The prediction function can be seen as a machine that applies a transformer to one 'row', such as at prediction time.

Once we obtain the model (which is a transformer that we either trained via Fit(), or loaded from somewhere), we can use it to make 'predictions' using the normal calls to model.Transform(data). However, when we use this model in a real life scenario, we often don't have a whole 'batch' of examples to predict on. Instead, we have one example at a time, and we need to make timely predictions on them immediately.
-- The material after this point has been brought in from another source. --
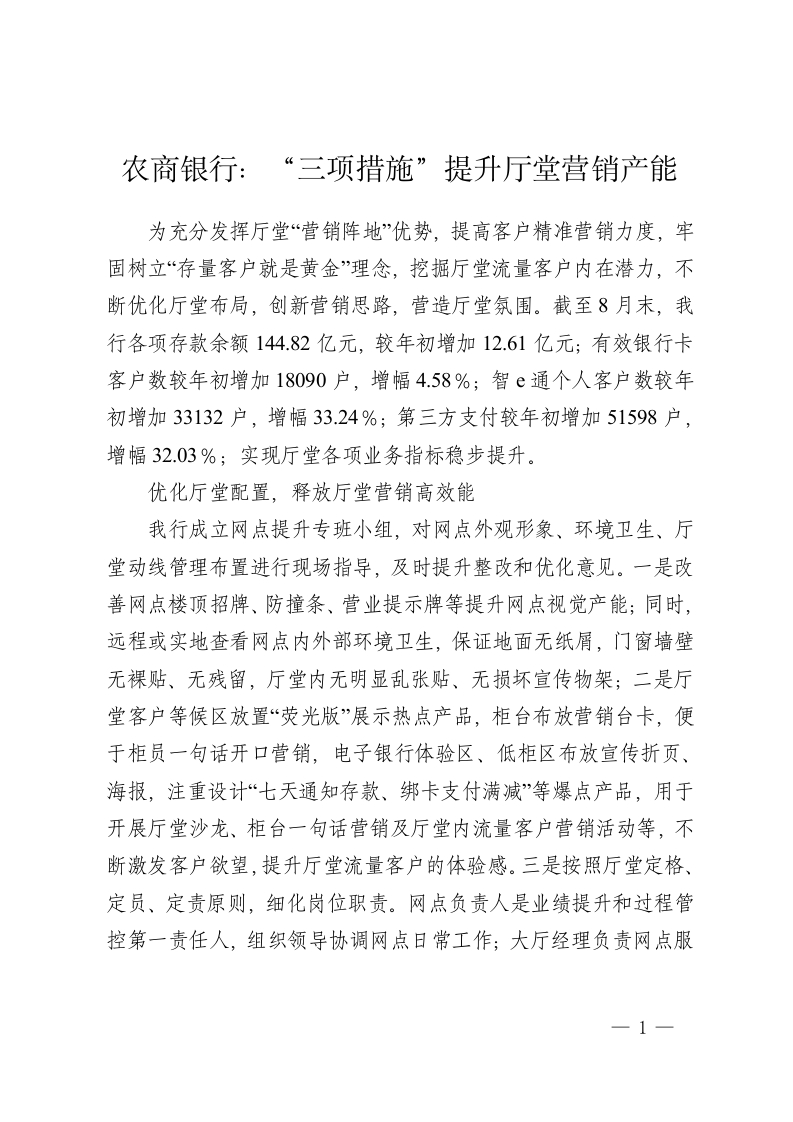 首页公文大全工作汇报农商银行:“三项措施”提升厅堂营销产能

Of course, we can reduce this to the batch prediction:

  • Create a data view with exactly one row.
  • Call model.Transform(data) to obtain the 'predicted data view'.
  • Get a cursor over the resulting data.
  • Advance the cursor one step to get to the first (and only) row.
  • Extract the predicted values out of it.

The above algorithm can be implemented using the schema comprehension, with two user-defined objects InputExample and OutputPrediction as follows:

var inputData = env.CreateDataView(new InputExample[] { example });
var outputData = model.Transform(inputData);
var output = outputData.AsDynamic.AsEnumerable<OutputPrediction>(env, reuseRowObject: false).Single();

But this would be cumbersome, and would incur performance costs. Instead, we have a 'prediction function' object that performs the same work, but faster and more convenient, via an extension method MakePredictionFunction:

var predictionFunc = model.MakePredictionFunction<InputExample, OutputPrediction>(env);
var output = predictionFunc.Predict(example);

The same predictionFunc can (and should!) be used multiple times, thus amortizing the initial cost of MakePredictionFunction call.

The prediction function is not re-entrant / thread-safe: if you want to conduct predictions simultaneously with multiple threads, you need to have a prediction function per thread.